On Mental Health and "Gurus"

On Mental Health and "Gurus"

I was listening to my favorite podcast the other week, and found myself so infuriated I had to turn it off. Granted I was in the PMDD danger zone, but usually I can use whatever shred of my objectivity that remains during those times to understand that I am not functioning normally – and can temper my reactions accordingly.

However, this time I could not.

Basically, this podcast was talking about how if we take care of our diets and get fit, plant based and healthy, we can go off all of our medications – from statins to antidepressants. I had been subconsciously swallowing this message for years. It is the reason why, when I was first diagnosed, I did not get the appropriate medical help. It is the reason why I had far too many anxiety attacks, and weeks of hopelessness. It is the reason why I was suicidal. I have a generally very healthy diet. Even when I wasn’t working out, I was walking everywhere and regularly paddle boarding and hiking. I was meditating. I was doing yoga. In spite of all this, I was extremely mentally unwell. To tap into the common wellness belief, I must have not done enough to have failed myself in this way.

Not correct. This is fucking bullshit and damaging.

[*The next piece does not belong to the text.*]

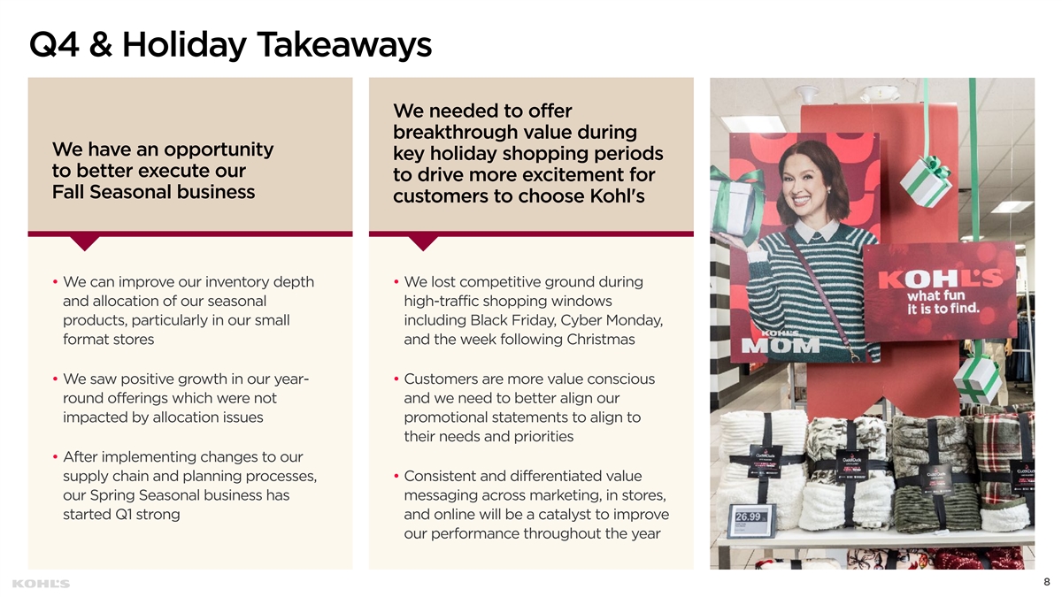 Q4 & Holiday Takeaways We needed to offer breakthrough value during We have an opportunity key holiday shopping periods to better execute our to drive more excitement for Fall Seasonal business customers to choose Kohl's • We can improve our inventory depth • We lost competitive ground during and allocation of our seasonal high-traffic shopping windows products, particularly in our small including Black Friday, Cyber Monday, format stores and the week following Christmas • We saw positive growth in our year- • Customers are more value conscious round offerings which were not and we need to better align our impacted by allocation issues promotional statements to align to their needs and priorities • After implementing changes to our supply chain and planning processes, • Consistent and differentiated value our Spring Seasonal business has messaging across marketing, in stores, started Q1 strong and online will be a catalyst to improve our performance throughout the year 8

When I finally “caved” and went on an antidepressant for my PMDD, it took me about two days to begin to feel better. As time passed and my cyclical agoraphobia and extreme sadness went away, I slowly began to get angry about the time I wasted being averse to taking medication. I had tolerated months of anxiety attacks and terror, imprinting in my psyche numerous limiting patterns of behavior. I had negative associations with every place I had had an anxiety attack – and there were a lot of them. Planes, hotel rooms, gyms, trains, airports, being alone and being in large groups of people all got my heart rate spiked – something I still deal with to this day. The fact that I had to get to the point of being suicidal to finally get on the correct medications is not ok. I could have gotten ahead of PMDD many months prior to this point.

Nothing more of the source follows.